Среди немногих исследований происхождения танго мне недавно попалось одно, где автор-музыковед[*], специально отправившийся из Австрии в Буэнос-Айрес копаться в газетных архивах, переписях населения и прочей исторической пыли, делится новой, добытой им информацией о том, что среди эмигрантов итальянцы превалировали в большей степени, чем считалось раньше, а также, что не только бедные эмигранты, вытанцовывая свою тоску-кручину по Неаполю–Генуе, развивали культуру танго, но и высшие классы Аргентины (они якобы противились укоренению танго) довольно скоро к новой танцевальной культуре приобщились, придавая танго лоск, идущий от образования.
Со мною же вот что произошло. В начале 2017 года животворная энергия походов по Патагонии (ее бешеные ветры отмассируют мускулатуру и тела, и души), морских прогулок по Магелланову проливу и вокруг архипелага Огненная Земля, походов по ее суше, вкупе с откровением итало-аргентинского танго, весь этот мощный симбиоз природы и культуры вызвал новый всплеск притяжения к Италии.
Вернувшись из Аргентины, я делилась своими впечатлениями от ‘итальянского танго’ со всеми подряд, мне тут не надо было ничего придумывать, я была переполнена. Вскоре пришло официальное приглашение Виктору от Дарио Бини в Кортону на конференцию.

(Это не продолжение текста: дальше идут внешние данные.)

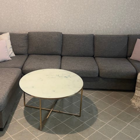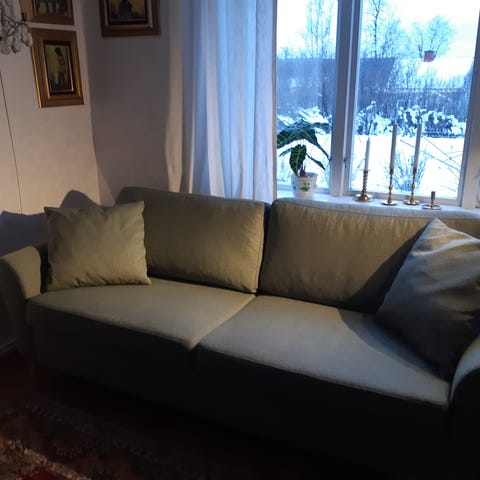 Sliten soffa skänkes mot avhämtning innan söndag kl 12. Har spruckit i sömmar som troligtvis kan sys.
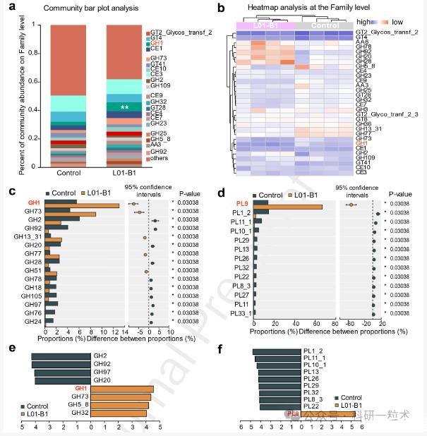圖9.基于宏基因組測序的碳水酶分析。(a)科水平上的群落柱狀圖分析。(b)科水平上的熱圖分析。(c)通過對照組和L01-B1組比較分析糖基水解酶(GHs)。(d)通過對照組和L01-B1組比較分析多糖裂解酶(PLs)。(e)通過LEfSe分析GHs。(f)通過LEfSe分析PLs。數(shù)據(jù)代表技術(shù)重復三次(n=4)。對于兩組之間的比較,采用非配對雙尾學生t檢驗。
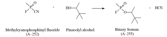 СССР-Россия. Первые исследования по разработке бинарных ОВ веществ из группы G-газов были выполнены в 1971–1972 годах в ГСНИИХТе под руководством профессора С. З. Ивина. Проект получил шифр «Хорек»[23]. Вместо метилфосфонилдифторида (DF) в качестве прекурсора был выбран метилцианофторфосфинат (A-252). Скорость протекания реакция была достаточно высокой, выход зарина превышал 80%. По аналогичной схеме получают и бинарный зоман:
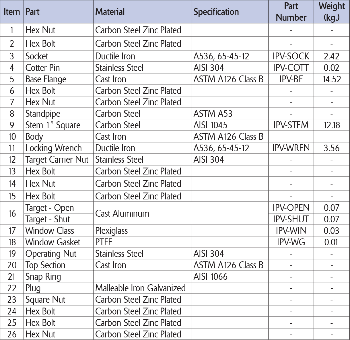 Take off the Locking Wrench (11), loosen the two Hex bolt (24) and Square Nut (23) and remove the Top Section (20), operating nut assembly and the Square Stem (9) as well as the socket (3). Slide off the Body (10) from the Standpipe (8) by loosening the two Hex Bolts (6) and Hex Nuts (7), slide off the Standpipe (8) from the Base Flange (5).
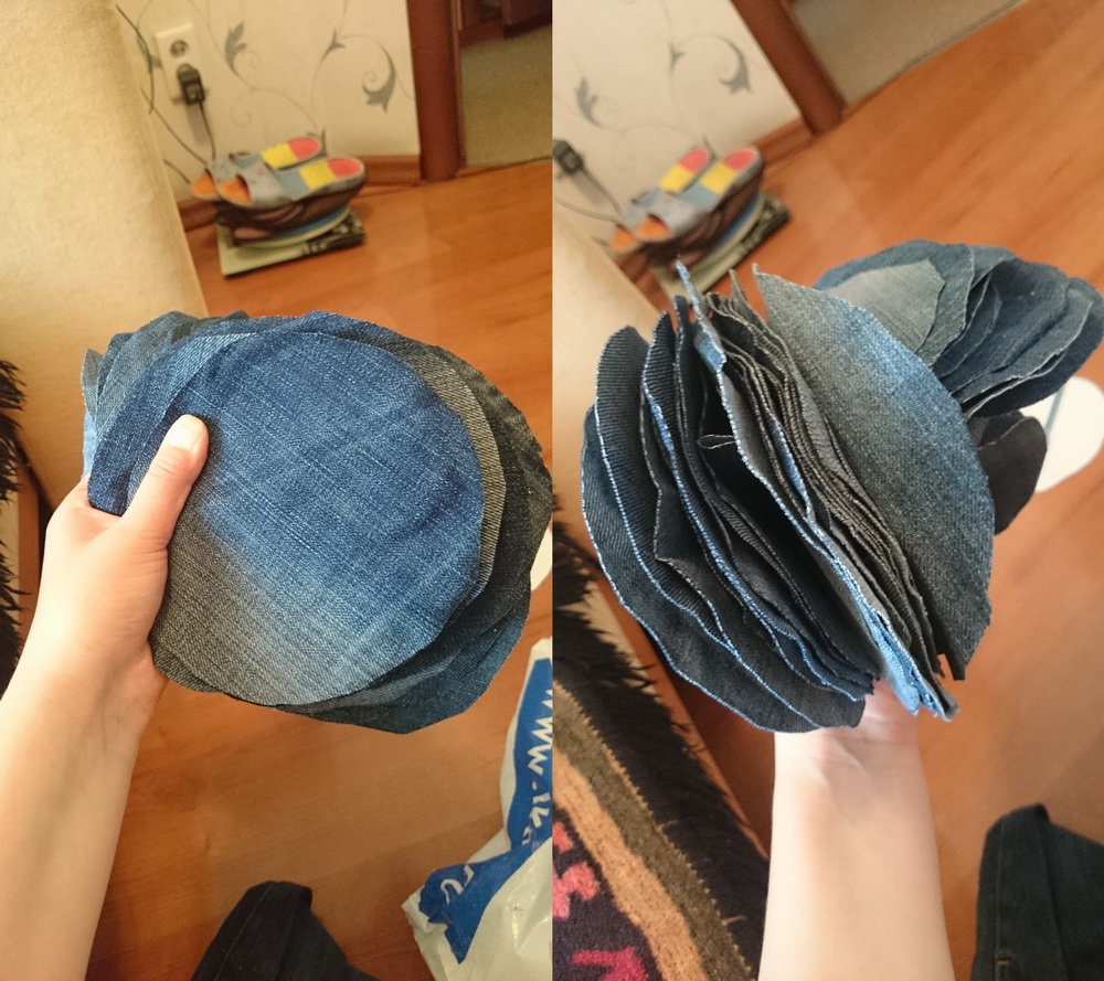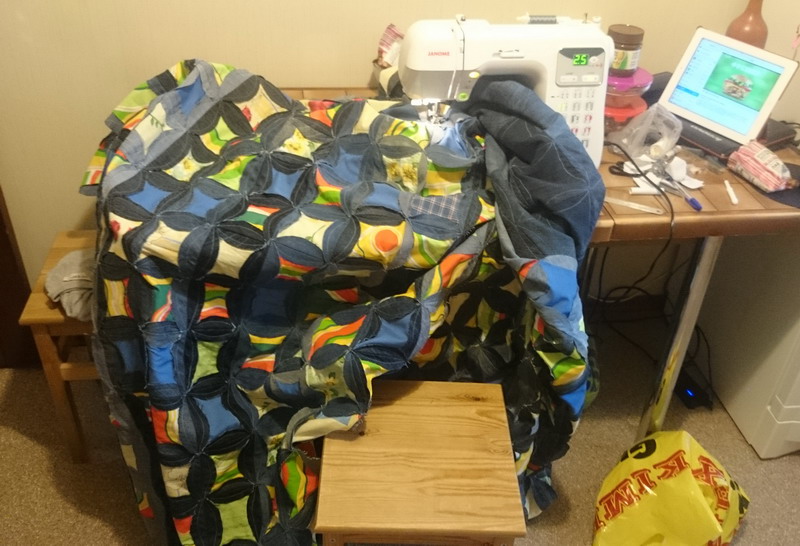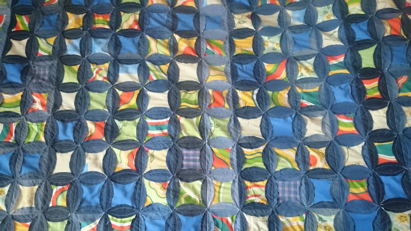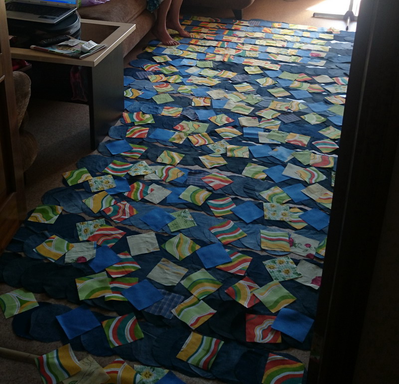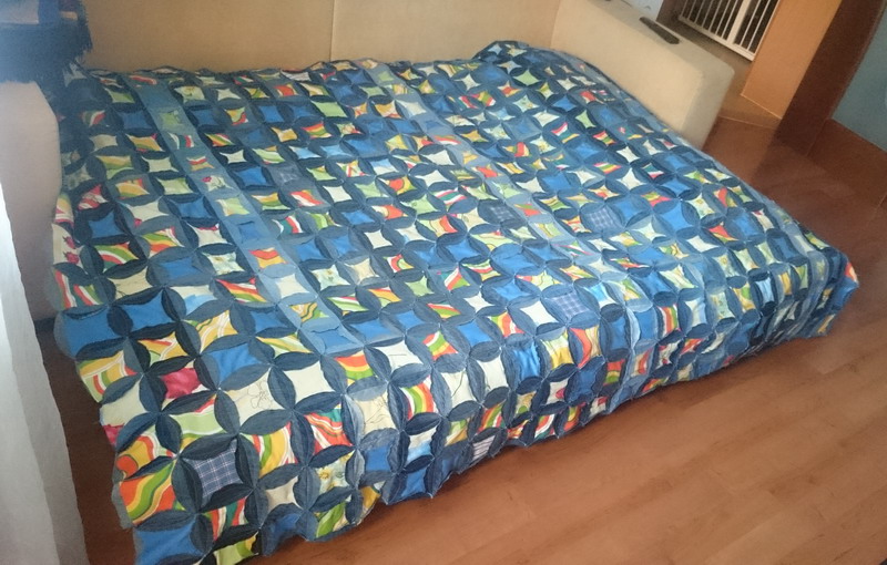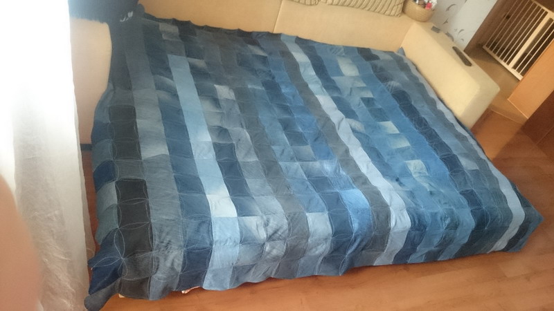 Я наконец-то закончила шить покрывало из старых джинсов.

Наше пребывание в пешеходных Кортоне и Риме в сентябре 2017-го прошло на том подъеме, что самым естественным путем вернул меня в реальность моего Рима, в живой его плоти и в моем возродившемся воображении его прошлого. Включая логово нашей римской волчицы Julienne Travers. Сама она к тому времени уже блаженствовала на лоне Сардинии в узком кругу учениц и учеников.
Нью-Йорк
[*] Mattia Scassellati. The Italian Influence on Tango Argentino. Reconsideration of the pre-Golden Age Period. Gratz, 2018.